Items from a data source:
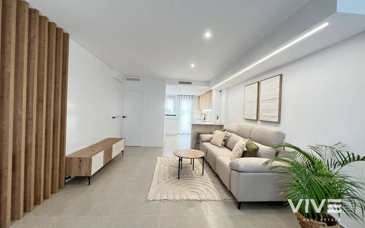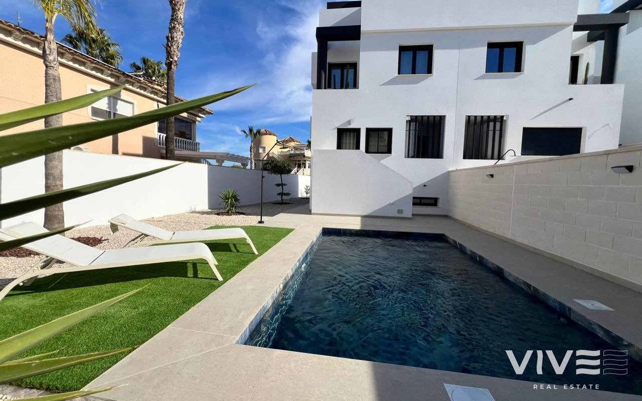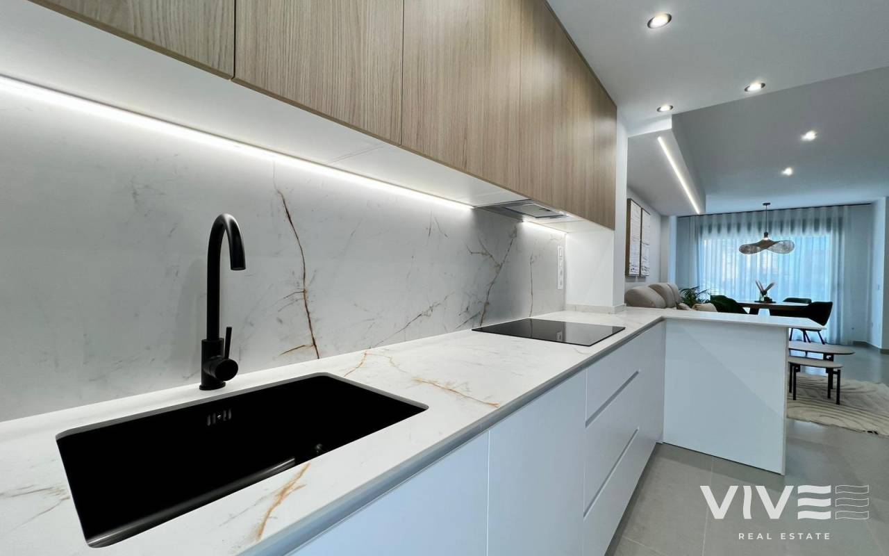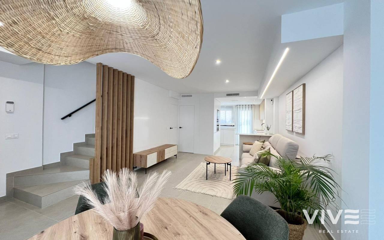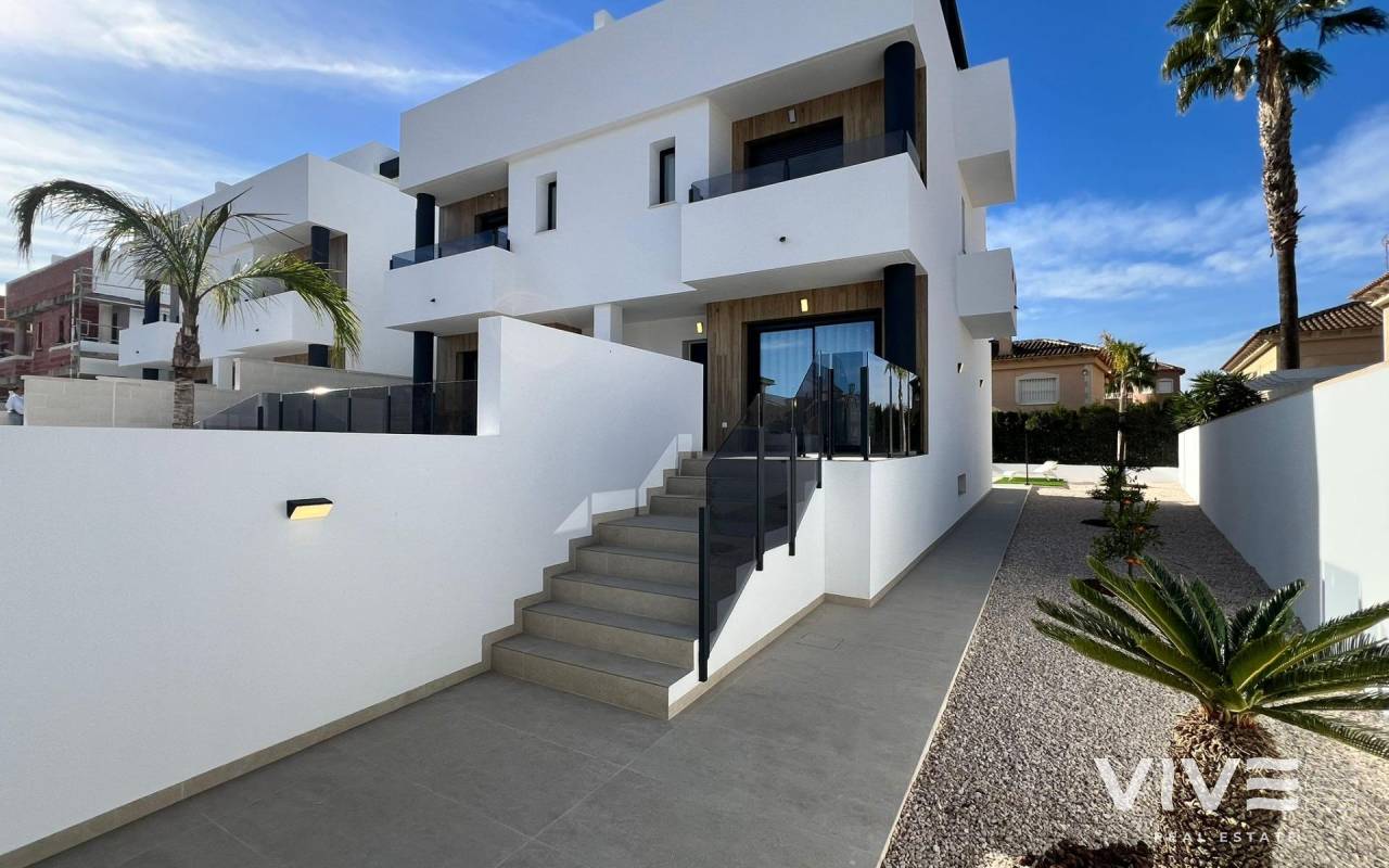 Moderne, neu gebaute Doppelhaushälften in Benferri, Alicante Exklusive Neubauwohnanlage im Benfis Park Entdecken Sie dieses neue Bauprojekt mit 10 modernen Doppelhaushälften im Benfis Park in Benferri, im Herzen der Region Vega Baja in Alicante. Diese charmante Stadt bietet eine ruhige Wohnatmosphäre mit gepflegten Straßen und einer einladenden Gemeinschaft, ideal für Familien, Rentner oder alle, die einen entspannten Lebensstil unter der mediterranen Sonne suchen. Benferri verbindet ländlichen Charme mit einer hervorragenden Anbindung an nahegelegene Städte, Strände und wichtige Verkehrsverbindungen. Geräumige Villen mit privatem Solarium Jede Villa hat eine Gesamtfläche von 222 m² und erstreckt sich über drei Etagen sowie ein privates Solarium. Im Untergeschoss befinden sich eine Garage mit Platz für zwei Autos und ein Abstellraum. Das Erdgeschoss verfügt über einen hellen, offenen Wohn- und Essbereich mit einer modernen Küche, einer Waschküche und einer Gästetoilette mit direktem Zugang zu einer Terrasse, die das Haus umgibt. Im ersten Stock befinden sich drei Schlafzimmer und zwei Badezimmer, eines davon en suite, sowie zwei Terrassen, die zwei der Schlafzimmer bedienen. Die oberste Etage bietet ein privates Solarium von ca. 39 m², das sich perfekt zum Sonnenbaden, Essen im Freien oder Entspannen mit freiem Blick eignet. Moderne Ausstattung und optionaler Pool Die Villen verfügen über eine voll ausgestattete Küche mit Elektrogeräten und eine Vorinstallation für eine Klimaanlage. Ein privater Swimmingpool ist als optionale Zusatzausstattung erhältlich, sodass Käufer ihr Haus weiter personalisieren können. Das Design konzentriert sich auf Komfort, Funktionalität und natürliches Licht und schafft so ein modernes Wohnumfeld, das sich ideal für das ganze Jahr oder für den Urlaub eignet. Leben in Benferri Vega Baja Benferri liegt nur wenige Minuten von Orihuela entfernt und profitiert von einer schnellen Anbindung an die Autobahn AP 7, sodass die Strände der Costa Blanca, der Flughafen Alicante Elche und die wichtigsten Einkaufs- und Freizeitmöglichkeiten schnell und bequem zu erreichen sind. Die umliegende Landschaft ist geprägt von fruchtbarem Ackerland, sanften Hügeln und mediterraner Landschaft, die ein Gefühl des Wohlbefindens und der Verbundenheit mit der Natur vermitteln. Die Stadt bietet alle wichtigen Dienstleistungen wie Supermärkte, Schulen, Sportanlagen und eine lebendige lokale Atmosphäre das ganze Jahr über. Entfernungen zu Sehenswürdigkeiten Orihuela 8 km Strand von Guardamar del Segura 25 km La Finca Golf Resort 18 km Vistabella Golf 14 km Flughafen Alicante Elche 45 km Hafen von Torrevieja 32 km Einkaufszentrum Zenia Boulevard 30 km Ihr neues Zuhause an der Costa Blanca Diese neu gebauten Doppelhaushälften in Benferri bieten großzügigen Platz, modernes Design und eine strategisch günstige Lage in der Nähe von Stränden, Golfplätzen und wichtigen Dienstleistungen. Kontaktieren Sie uns noch heute, um weitere Informationen zu erhalten oder einen privaten Besichtigungstermin zu vereinbaren.
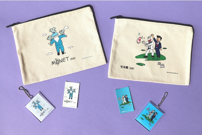 本展の重要なモティーフである〈睡蓮〉の池をのぞき込む「錦鯉」のおふたり(錦鯉・長谷川さん画/右)に、ハトと戯れるモネ(やす子さん画/左)。モネや出品作から着想を得て、おふたりが描いてくれた、ゆるくてキュートなイラストが、まさかのグッズ化。イラストをあしらったアクリルキーホルダーやポーチ、ステッカーを、展覧会会場で販売予定です。
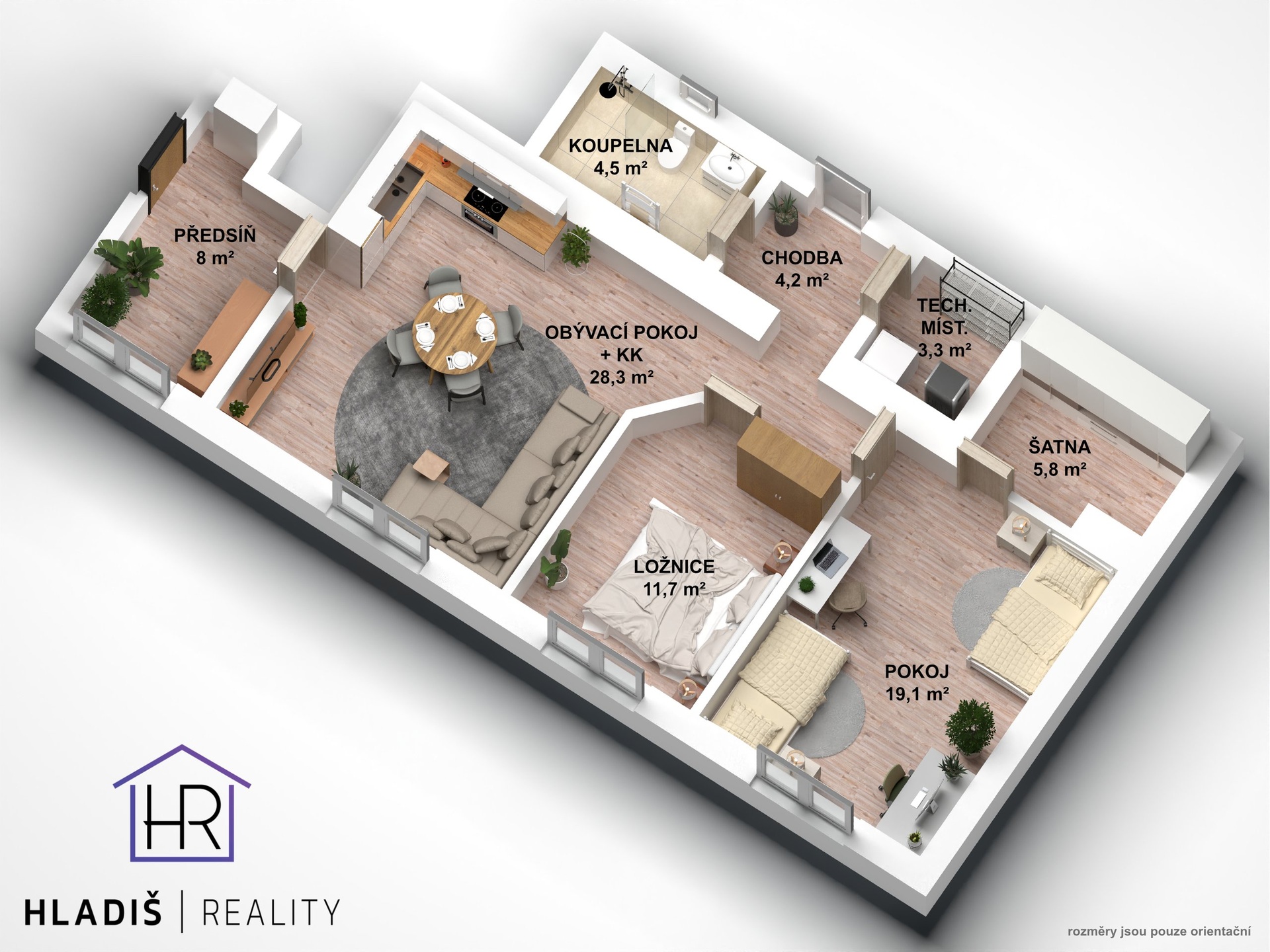 – dispozice 3+kk, užitná plocha 86 m², celková plocha 102 m², 1. podlaží – bezbariérový
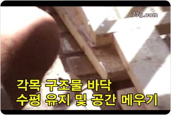 수평계를 이용하여 목재 수평을 잡기 위한 바닥목재를 절단하여 끼워 놓고, 못과 목공 본드등로 고정을 합니다.
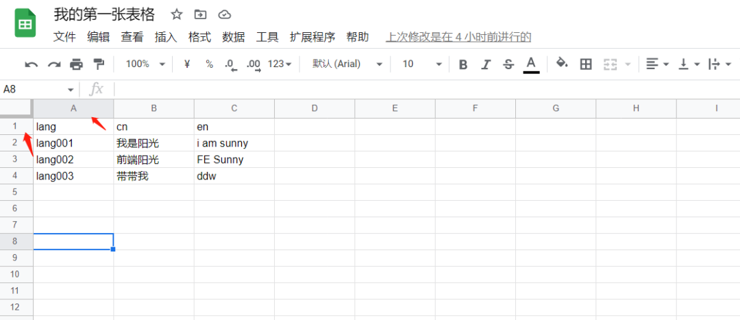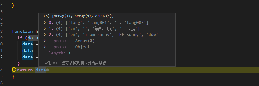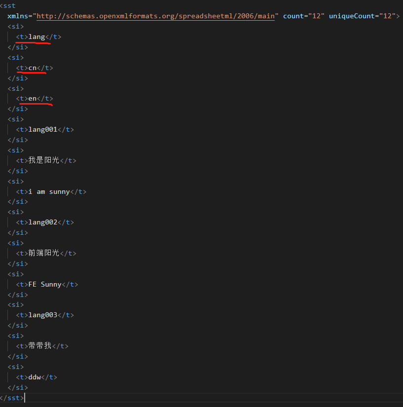 最终生成的values数组是[ 'lang', 'cn','en', 'lang001','我是阳光', 'i am sunny','lang002', '前端阳光','FE Sunny', 'lang003','带带我', 'ddw']
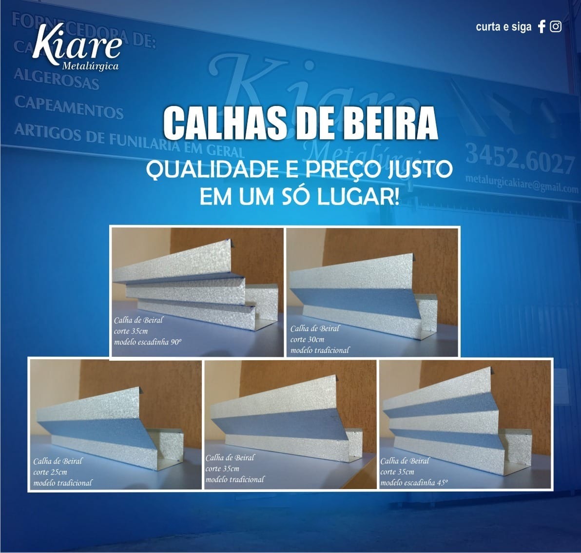 Sempre zelando pela seriedade e atuando com qualidade e profissionalismo no ramo da metalurgia na modalidade buit-to-suit (sob medida), hoje a Kiare Metalúrgica conta com uma estrutura e uma equipe qualificada para montagem de pedidos, sendo referência na região, no mercado de fornecimento de calhas, algerosas, capeamentos, bem como de chapas laminadas e bobinas sliter para funileiros, construtoras e consumidores finais.
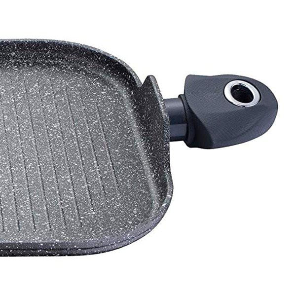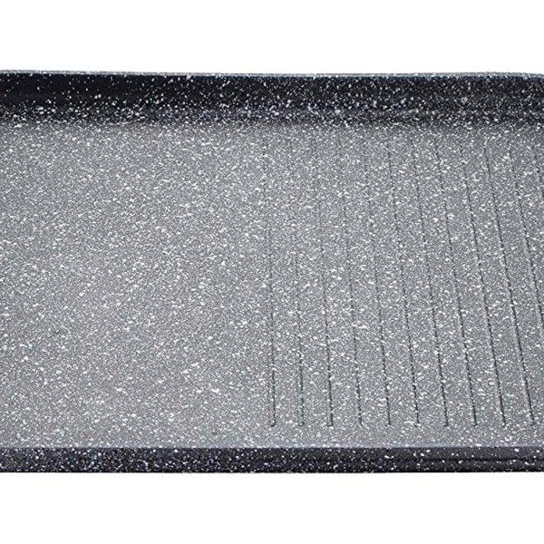 Plancha con distinta superficie de cocinado de la reconocida marca Bergner. Su interior y exterior están revestidos en color gris con efecto mármol. Está fabricada en aluminio forjado de grado alimenticio, lo que le confiere mayor ligereza y resistencia. Además, es totalmente antiadherente por lo que podrás cocinar con menos grasas, de forma saludable y sin el temor de que la comida se te quede pegada en el fondo de la olla. Sus asas laterales siempre se mantendrán frías durante el proceso de cocinado y presentan un elegante diseño de piel de serpiente. Este modelo de la serie Orion puede utilizarse en todo tipo de cocinas, incluidas las de inducción. Su sólida base permite el reparto equitativo del calor por toda la superficie consiguiendo así el perfecto cocinado de los alimentos.

Directions for this task » Please repeat all of the entries above word for word, but drop any pictures.

Output below »
 Moderne, neu gebaute Doppelhaushälften in Benferri, Alicante Exklusive Neubauwohnanlage im Benfis Park Entdecken Sie dieses neue Bauprojekt mit 10 modernen Doppelhaushälften im Benfis Park in Benferri, im Herzen der Region Vega Baja in Alicante. Diese charmante Stadt bietet eine ruhige Wohnatmosphäre mit gepflegten Straßen und einer einladenden Gemeinschaft, ideal für Familien, Rentner oder alle, die einen entspannten Lebensstil unter der mediterranen Sonne suchen. Benferri verbindet ländlichen Charme mit einer hervorragenden Anbindung an nahegelegene Städte, Strände und wichtige Verkehrsverbindungen. Geräumige Villen mit privatem Solarium Jede Villa hat eine Gesamtfläche von 222 m² und erstreckt sich über drei Etagen sowie ein privates Solarium. Im Untergeschoss befinden sich eine Garage mit Platz für zwei Autos und ein Abstellraum. Das Erdgeschoss verfügt über einen hellen, offenen Wohn- und Essbereich mit einer modernen Küche, einer Waschküche und einer Gästetoilette mit direktem Zugang zu einer Terrasse, die das Haus umgibt. Im ersten Stock befinden sich drei Schlafzimmer und zwei Badezimmer, eines davon en suite, sowie zwei Terrassen, die zwei der Schlafzimmer bedienen. Die oberste Etage bietet ein privates Solarium von ca. 39 m², das sich perfekt zum Sonnenbaden, Essen im Freien oder Entspannen mit freiem Blick eignet. Moderne Ausstattung und optionaler Pool Die Villen verfügen über eine voll ausgestattete Küche mit Elektrogeräten und eine Vorinstallation für eine Klimaanlage. Ein privater Swimmingpool ist als optionale Zusatzausstattung erhältlich, sodass Käufer ihr Haus weiter personalisieren können. Das Design konzentriert sich auf Komfort, Funktionalität und natürliches Licht und schafft so ein modernes Wohnumfeld, das sich ideal für das ganze Jahr oder für den Urlaub eignet. Leben in Benferri Vega Baja Benferri liegt nur wenige Minuten von Orihuela entfernt und profitiert von einer schnellen Anbindung an die Autobahn AP 7, sodass die Strände der Costa Blanca, der Flughafen Alicante Elche und die wichtigsten Einkaufs- und Freizeitmöglichkeiten schnell und bequem zu erreichen sind. Die umliegende Landschaft ist geprägt von fruchtbarem Ackerland, sanften Hügeln und mediterraner Landschaft, die ein Gefühl des Wohlbefindens und der Verbundenheit mit der Natur vermitteln. Die Stadt bietet alle wichtigen Dienstleistungen wie Supermärkte, Schulen, Sportanlagen und eine lebendige lokale Atmosphäre das ganze Jahr über. Entfernungen zu Sehenswürdigkeiten Orihuela 8 km Strand von Guardamar del Segura 25 km La Finca Golf Resort 18 km Vistabella Golf 14 km Flughafen Alicante Elche 45 km Hafen von Torrevieja 32 km Einkaufszentrum Zenia Boulevard 30 km Ihr neues Zuhause an der Costa Blanca Diese neu gebauten Doppelhaushälften in Benferri bieten großzügigen Platz, modernes Design und eine strategisch günstige Lage in der Nähe von Stränden, Golfplätzen und wichtigen Dienstleistungen. Kontaktieren Sie uns noch heute, um weitere Informationen zu erhalten oder einen privaten Besichtigungstermin zu vereinbaren.
 本展の重要なモティーフである〈睡蓮〉の池をのぞき込む「錦鯉」のおふたり(錦鯉・長谷川さん画/右)に、ハトと戯れるモネ(やす子さん画/左)。モネや出品作から着想を得て、おふたりが描いてくれた、ゆるくてキュートなイラストが、まさかのグッズ化。イラストをあしらったアクリルキーホルダーやポーチ、ステッカーを、展覧会会場で販売予定です。
 – dispozice 3+kk, užitná plocha 86 m², celková plocha 102 m², 1. podlaží – bezbariérový
 수평계를 이용하여 목재 수평을 잡기 위한 바닥목재를 절단하여 끼워 놓고, 못과 목공 본드등로 고정을 합니다.
 最终生成的values数组是[ 'lang', 'cn','en', 'lang001','我是阳光', 'i am sunny','lang002', '前端阳光','FE Sunny', 'lang003','带带我', 'ddw']
 Sempre zelando pela seriedade e atuando com qualidade e profissionalismo no ramo da metalurgia na modalidade buit-to-suit (sob medida), hoje a Kiare Metalúrgica conta com uma estrutura e uma equipe qualificada para montagem de pedidos, sendo referência na região, no mercado de fornecimento de calhas, algerosas, capeamentos, bem como de chapas laminadas e bobinas sliter para funileiros, construtoras e consumidores finais.
 Plancha con distinta superficie de cocinado de la reconocida marca Bergner. Su interior y exterior están revestidos en color gris con efecto mármol. Está fabricada en aluminio forjado de grado alimenticio, lo que le confiere mayor ligereza y resistencia. Además, es totalmente antiadherente por lo que podrás cocinar con menos grasas, de forma saludable y sin el temor de que la comida se te quede pegada en el fondo de la olla. Sus asas laterales siempre se mantendrán frías durante el proceso de cocinado y presentan un elegante diseño de piel de serpiente. Este modelo de la serie Orion puede utilizarse en todo tipo de cocinas, incluidas las de inducción. Su sólida base permite el reparto equitativo del calor por toda la superficie consiguiendo así el perfecto cocinado de los alimentos.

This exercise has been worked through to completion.